There are numerous reasons why someone may stand for office as an independent:
 Parties only run a single candidate in the House of Representatives, in order to limit campaign costs and complexity. Some candidates attempt to become a candidate for a party in the pre-selection stage, and are unsuccessful. Instead of putting their support behind the successful pre-selectees, some choose to transition their efforts into an independent candidacy for office.
 Some independent politicians come from party backgrounds, and have either voluntarily withdrawn from parties due to factional or values-based misalignment or in protest of certain political actions, or have been removed by the party for similar reasons.
 Some independent politicians may not find enough common ground with the parties available, either from the positioning on the political spectrum, or the effectiveness in fulfilling their electoral mandate, and believe that standing apart from a party will prove more effective.
All politicians in Australia are still required to fulfil their obligations, if elected, regardless of whether they are independent or are part of a political party. All are also afforded the opportunity to speak on behalf of their electorate or district, if a member of the house of representatives, or state or region, if a member of the senate.

Federal
Before 2022 independents were not often elected to the federal Parliament of Australia. Historically independents were more commonly elected to state parliaments. In 2022 seven new independents were elected to the House of Representatives of whom only one was previously active in one of the traditional political parties. Historically, many independents were former members of one of Australia's main parties, the Australian Labor Party, the Liberal Party of Australia and the National Party of Australia. On 16 July 2013 a political party named the Australian Independents was registered with the Australian Electoral Commission. It was deregistered on 4 February 2016.

House of Representatives
As of 2022, eleven independents sit in the Australian House of Representatives: Andrew Gee from Calare in New South Wales, Andrew Wilkie from Clark in Tasmania (former Greens candidate), Helen Haines from Indi in Victoria, Zali Steggall from Warringah in New South Wales, Kate Chaney from Curtin in Western Australia, Zoe Daniel from Goldstein in Victoria, Dai Le from Fowler in New South Wales, Dr Monique Ryan from Kooyong in Victoria, Dr Sophie Scamps from Mackellar in New South Wales, Allegra Spender from Wentworth in New South Wales and Kylea Tink from North Sydney in New South Wales.
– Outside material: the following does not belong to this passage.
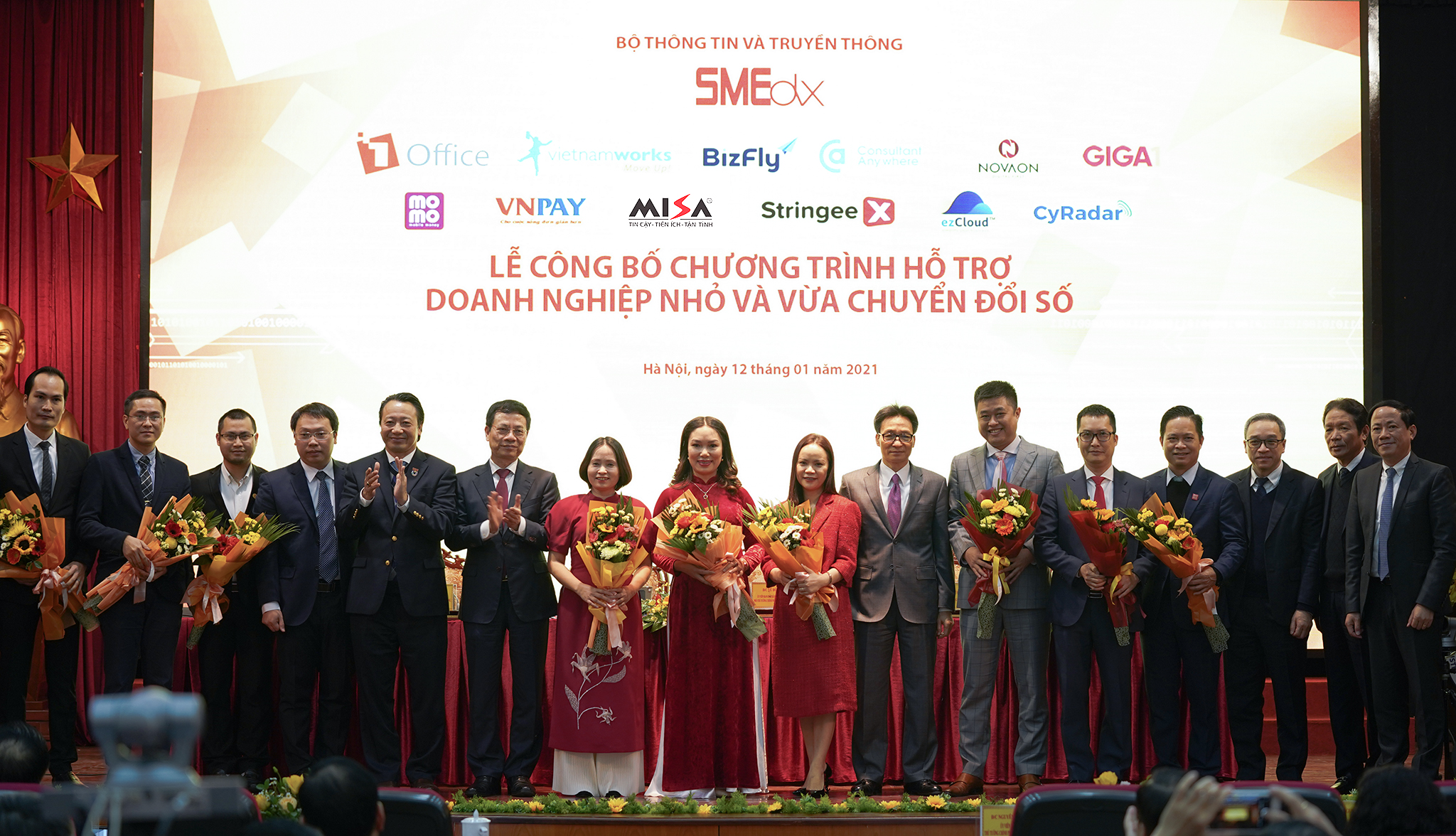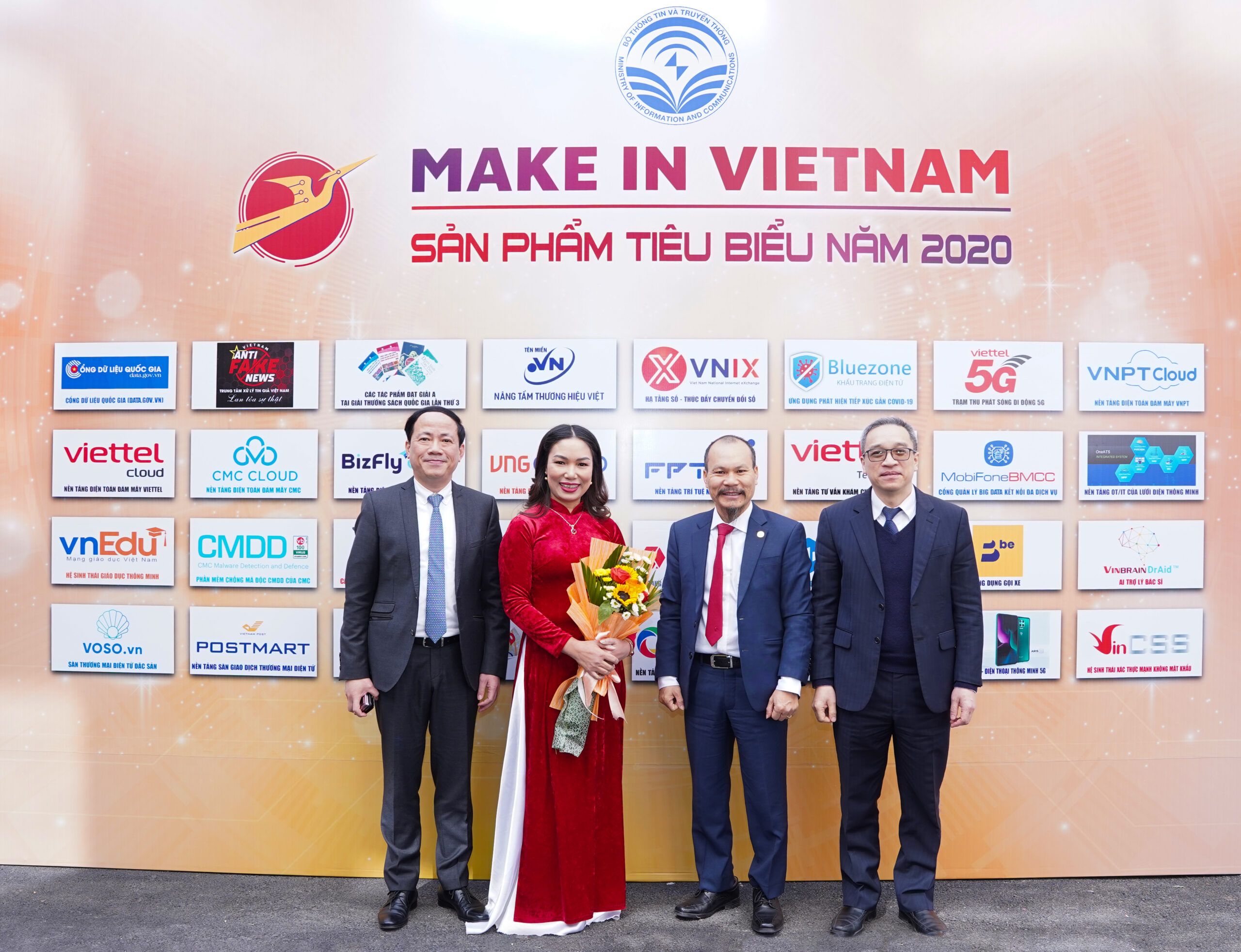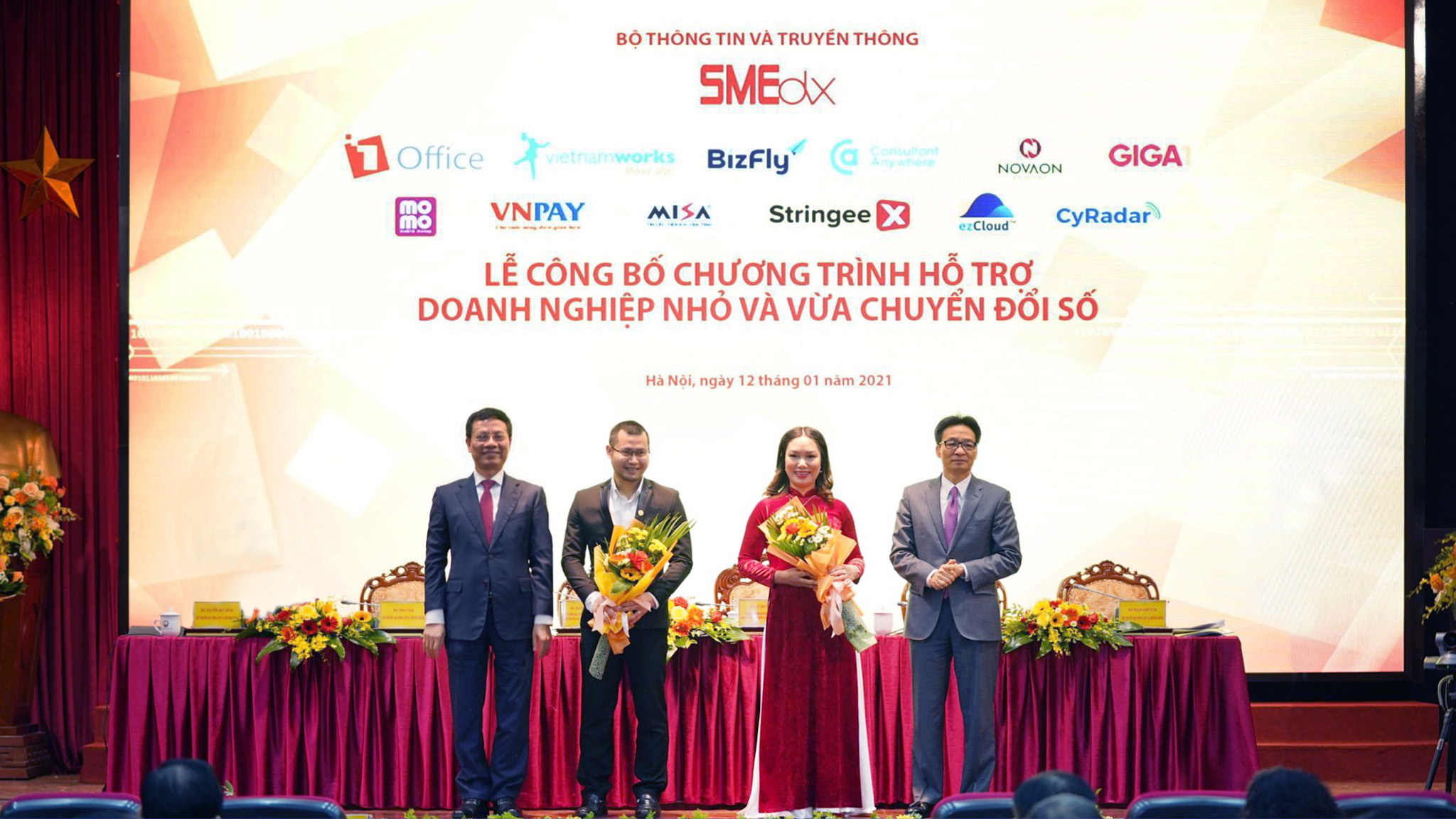 Tổng Giám đốc MISA Đinh Thị Thúy đại diện công ty nhận hoa từ Phó Thủ tướng Vũ Đức Đam (ngoài cùng bên phải) và Bộ trưởng Bộ Thông tin và Truyền thông Nguyễn Mạnh Hùng (ngoài cùng bên trái) tại Lễ công bố

Casual vacancies in the House of Representatives of independent members are filled in the same way as for party members, i.e., by a by-election.

Won election as independent

Not elected as independent

Senate
Independent Senators are quite rare. In modern politics, independent Brian Harradine served from 1975 to 2005 with considerable influence at times. Nick Xenophon was an elected independent Senator from his election to the Senate at the 2007 federal election. Xenophon was re-elected for another six-year term at the 2013 federal election. He was re-elected at the 2016 double dissolution election under the Nick Xenophon Team. DLP Senator John Madigan became an independent Senator in September 2014, but failed to be re-elected at the 2016 election. PUP Senators Jacqui Lambie and Glenn Lazarus became independent Senators in November 2014 and March 2015. At the 2016 election, Lazarus lost his seat and Lambie was re-elected under the Jacqui Lambie Network. In the 2022 election, former rugby player David Pocock was elected as an independent Senator from the ACT, becoming the first independent Senator from a territory and the first non-major party member of parliament from the ACT. Pocock is  currently the only independent Senator.

On 21 May 1977, a referendum to amend Section 15 of the Constitution was approved to require future Senate casual vacancies to be filled by a member of the party represented by the former senator at the time of their election, if the state parliament chooses to fill the vacancy. However, this requirement does not apply to independent senators.

Won election or appointed as independent

Not elected as independent

States and territories

New South Wales

New South Wales Legislative Assembly

Won election as independent

Not elected as independent

New South Wales Legislative Council

Elected as independent

All of these MPs were indirectly elected by MPs under the former system between 1934 and 1978.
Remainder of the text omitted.